**What is needed**
Return exactly the lines of the records below, starting at the line that contains "Dodge Challenger Logo" and ending at the line that contains "taupe linen cord necklace w/baroque pearls", with both of those lines kept.

(Listed records)

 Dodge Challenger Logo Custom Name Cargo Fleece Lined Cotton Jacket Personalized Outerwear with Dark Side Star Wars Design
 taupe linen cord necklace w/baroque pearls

(End Listed records)
(Listed records)

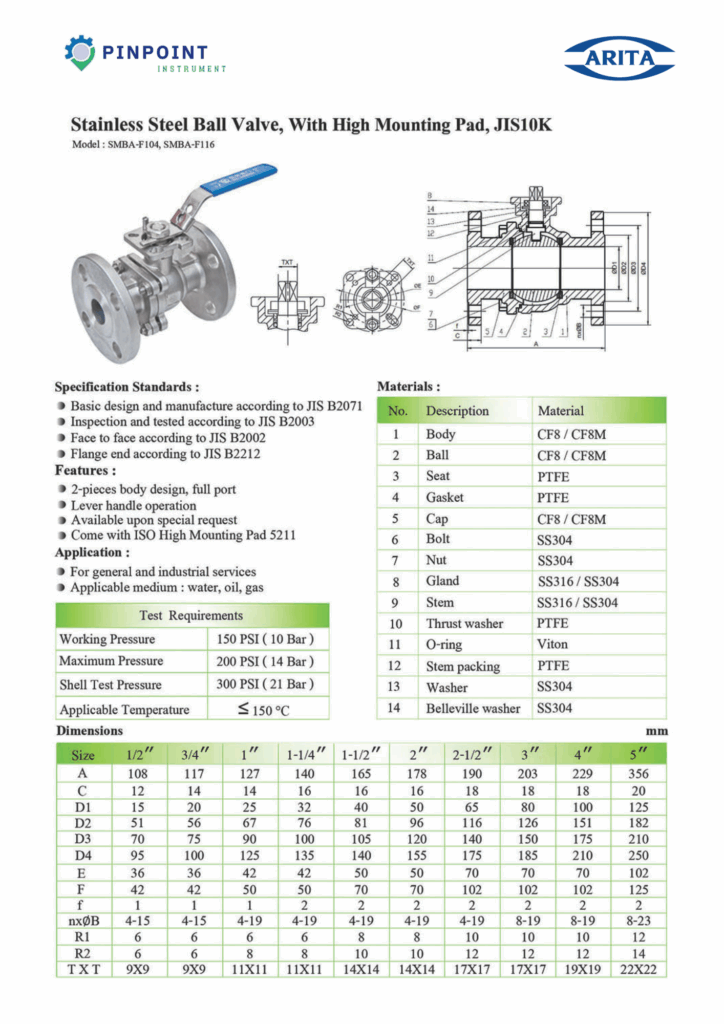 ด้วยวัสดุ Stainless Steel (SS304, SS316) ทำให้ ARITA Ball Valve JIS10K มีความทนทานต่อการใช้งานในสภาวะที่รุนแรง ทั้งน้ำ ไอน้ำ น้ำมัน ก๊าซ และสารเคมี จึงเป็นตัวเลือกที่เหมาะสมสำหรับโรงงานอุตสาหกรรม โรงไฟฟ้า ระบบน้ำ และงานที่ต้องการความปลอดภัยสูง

(End Listed records)

**Solution**
 Dodge Challenger Logo Custom Name Cargo Fleece Lined Cotton Jacket Personalized Outerwear with Dark Side Star Wars Design
 taupe linen cord necklace w/baroque pearls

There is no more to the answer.